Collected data
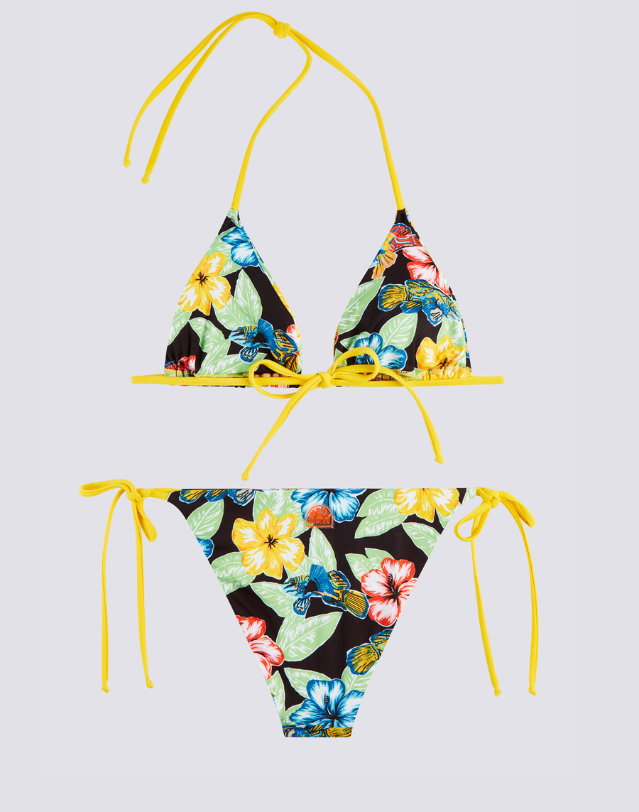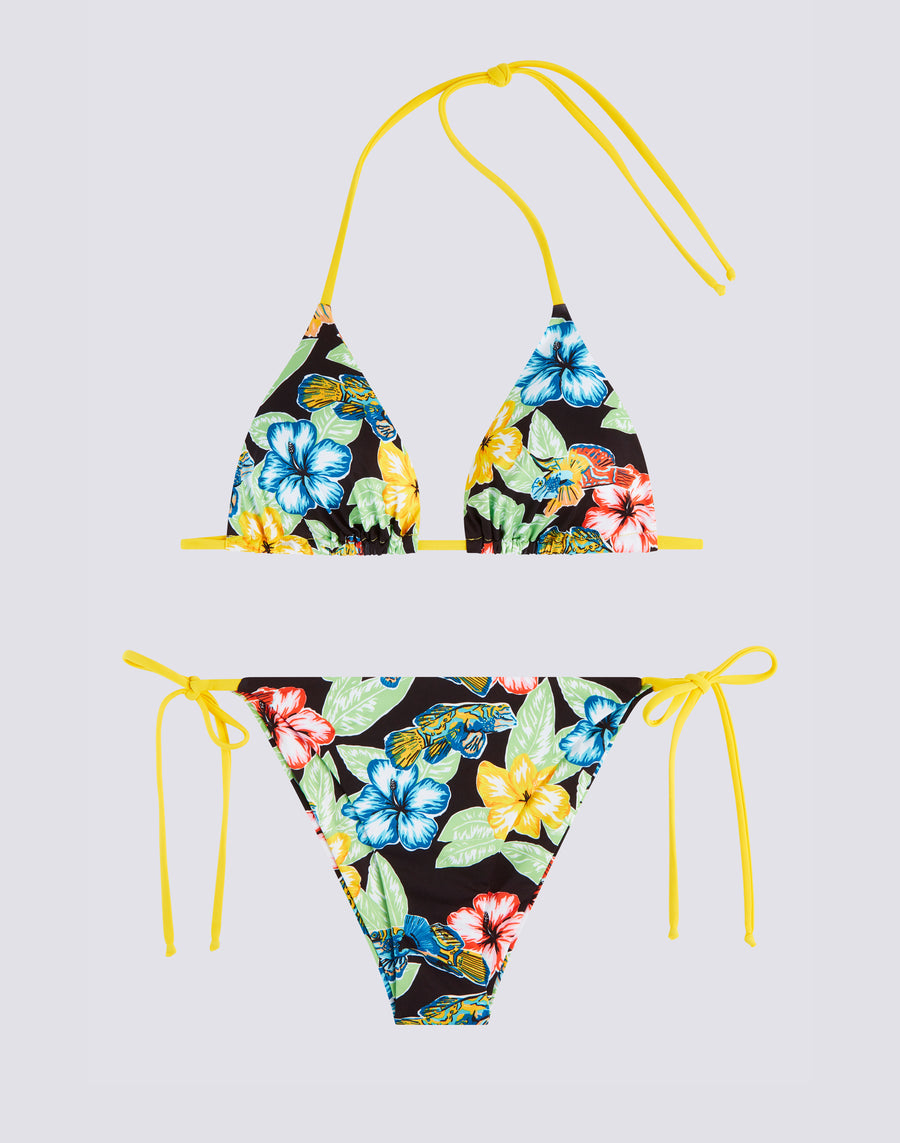 BLACK FLORAL ANIMAL FISH PRINT BIKINI
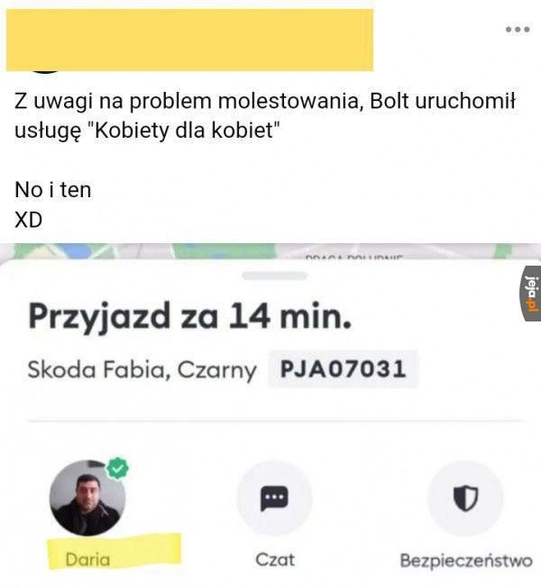 Bolt chcąc zapobiec kolejnym przestępstwom uruchomił linię „Kobiety dla Kobiet", w której to kobiety kierowczynie mają bezpiecznie dowozić pasażerki do wybranej destynacji. W ciagu doby po internecie zaczął krążyć zrzut ekranu z aplikacji, zdobywając szybko miano mema. „Pani" Daria miała twarz dojrzałego mężczyzny.
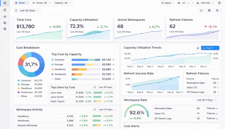 Our Fabric Cost & Governance Monitor helps organizations control spending, improve transparency, and establish clear governance in Microsoft Fabric. The solution provides structured monitoring for capacity usage, workspace activity, refresh behavior, and cost-relevant patterns. By making inefficiencies visible early, businesses can reduce waste, strengthen governance, and operate their data platform with greater confidence and predictability.
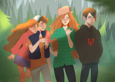 Pines family dog pile! I didn't really intend to draw Stan wearing Ford's coat, but it can be if you want.
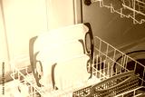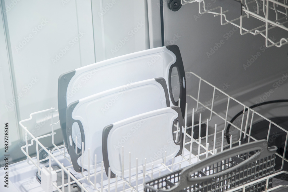 Plastic cutting boards in dishwasher in kitchen
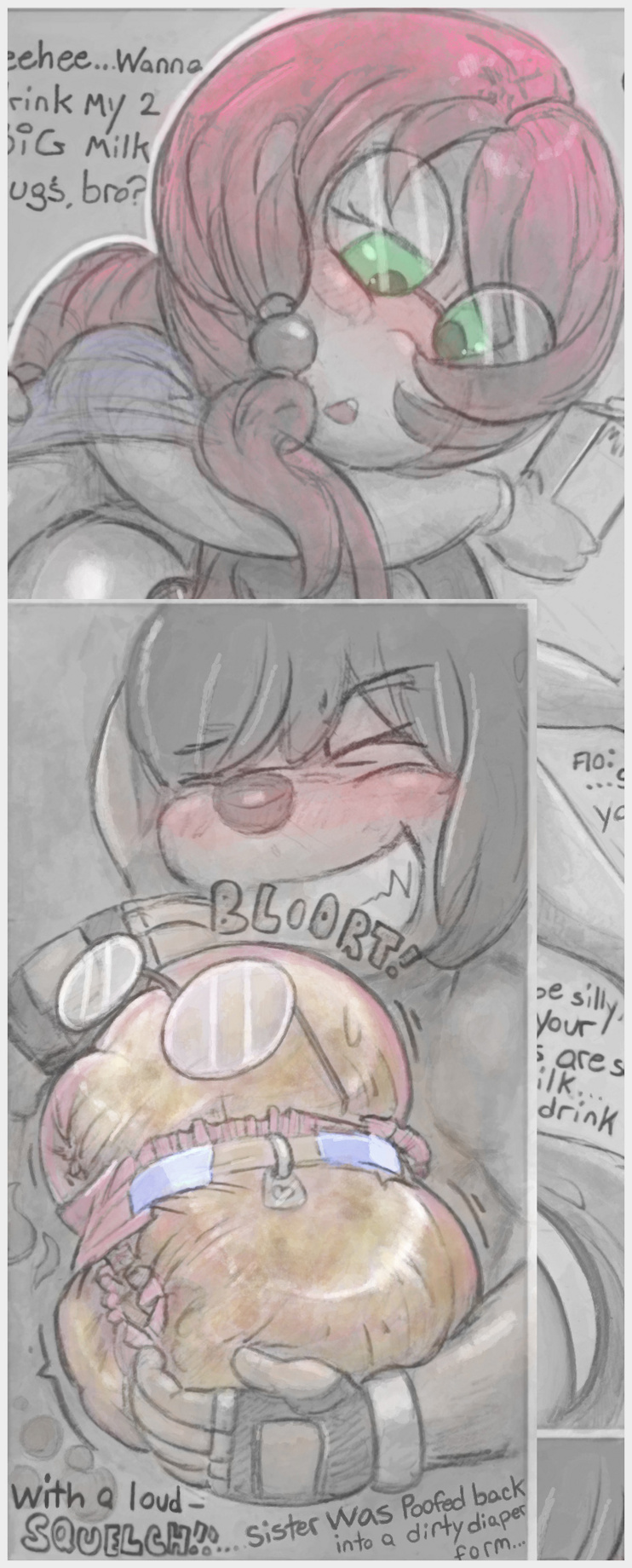 ;>n> it doesn't work...he didn't let her reform to hear her silly jokes, besides she stinks and loaded her own diaper pretty bad. >w< So he picks her up, like a large bottle and sucks his sister's tits til his tummy's full, then after he's had his fill, and no longer has any use for her, he TFs her back into her diaper form. >:3c
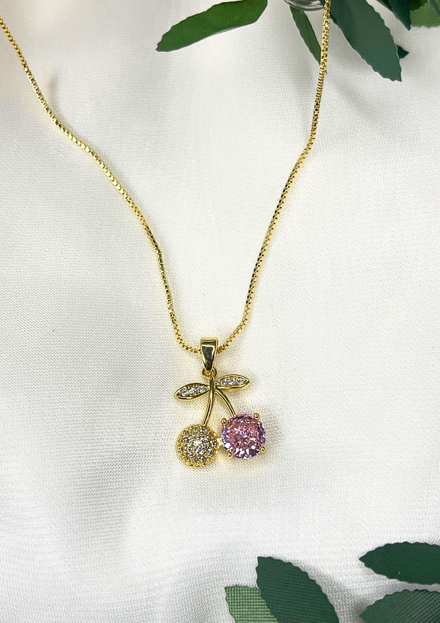 Delicada y femenina, esta cadena con dije de cereza diamantada en baño de oro de 18K es el toque perfecto para realzar tu estilo con un detalle brillante, original y encantador 💖. El acabado diamantado resalta con cada movimiento, aportando luz y elegancia.
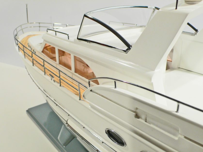 Dabei finden unter anderem exotische Edelhölzer wie Teak, Mahagoni, Rosenholz oder Mango Verwendung, wodurch sich als Endprodukt ein wertvolles und dekoratives Edelmodell ergibt.

## What you need to do
In the entries above, find the line containing "diaper form. >:3c". Transcribe it and every later line to the end, exactly, and leave out the pictures.

## Output for this exercise
 ;>n> it doesn't work...he didn't let her reform to hear her silly jokes, besides she stinks and loaded her own diaper pretty bad. >w< So he picks her up, like a large bottle and sucks his sister's tits til his tummy's full, then after he's had his fill, and no longer has any use for her, he TFs her back into her diaper form. >:3c
 Delicada y femenina, esta cadena con dije de cereza diamantada en baño de oro de 18K es el toque perfecto para realzar tu estilo con un detalle brillante, original y encantador 💖. El acabado diamantado resalta con cada movimiento, aportando luz y elegancia.
 Dabei finden unter anderem exotische Edelhölzer wie Teak, Mahagoni, Rosenholz oder Mango Verwendung, wodurch sich als Endprodukt ein wertvolles und dekoratives Edelmodell ergibt.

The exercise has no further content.